## Exercise

Time to experiment with activation functions and optimizers! And now we're at it, let's use this as an introduction to regression using neural networks as well.

1. Use the **fetch_california_housing** data (remember to split your data into a train and test data).
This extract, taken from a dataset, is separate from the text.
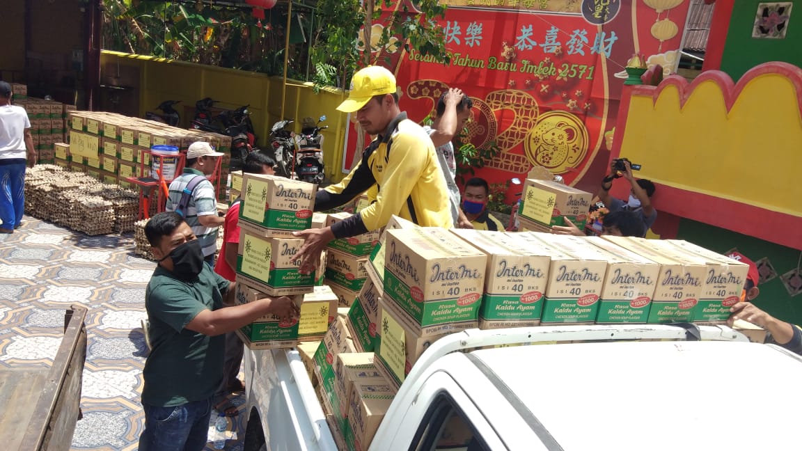 Terkait pembagian sembako yang ditaja para donatur yang dipusatkan di Kelenteng Pagoda Sayur, sambung Camat, paket tersebut secara simbolis telah diserahkan ke beberapa Kelurahan dan Kepenghuluan.

Use the five optimizers presented in class to train five neural networks (identival aside from the optimizer used). How well does the networks perform on the test set, as measured by MSE and MAE? Rank the optimizers.
1. Select the best optimizer and use it for this exercise. Experiment with different activation functions, including at least sigmoid, tanh, and relu. Rank the activation functions you try. 
1. Using your findings, as well as experimenting with more layers, try to minimize the test MSE.

**Note**: You may want to use https://www.tensorflow.org/api_docs/python/tf/keras/activations and https://www.tensorflow.org/api_docs/python/tf/keras/optimizers.

**See slides for more details!**

# Exercise 1

Use the **fetch_california_housing** data (remember to split your data into a train and test data). Use the five optimizers presented in class to train five neural networks (identival aside from the optimizer used). How well does the networks perform on the test set, as measured by MSE and MAE? Rank the optimizers.

In [1]:
import tensorflow as tf
from sklearn.datasets import fetch_california_housing
from sklearn.model_selection import train_test_split
from sklearn.metrics import mean_squared_error
from sklearn.preprocessing import StandardScaler

x, y = fetch_california_housing(return_X_y=True)

# Use `train_test_split` to split your data into a train and a test set.
x_train, x_test, y_train, y_test = train_test_split(x, y, test_size=0.2, random_state=1)

# Scale
scaler = StandardScaler()
z_train = scaler.fit_transform(x_train)
z_test = scaler.transform(x_test)

print(z_train.shape, z_test.shape, y_train.shape, y_test.shape)

(16512, 8) (4128, 8) (16512,) (4128,)


Here is a small function you can use as a starting point for your network - but feel free to experiment!

In [2]:
def build_nn(activation = 'sigmoid'):
    your_regression_nn = tf.keras.models.Sequential([
        tf.keras.layers.Dense(64, activation=activation, input_shape=(8,)), # input_shape=8 since 8 features
        tf.keras.layers.Dense(1, activation='linear'), # linear is used for regression. 1 node since 1 output (pr. observation)
        ])

    return your_regression_nn

**Important note**: Remember to use "mse" as your loss function! Now, it is okay to try something else, but at least do not use cross entropy (remember that is for classification.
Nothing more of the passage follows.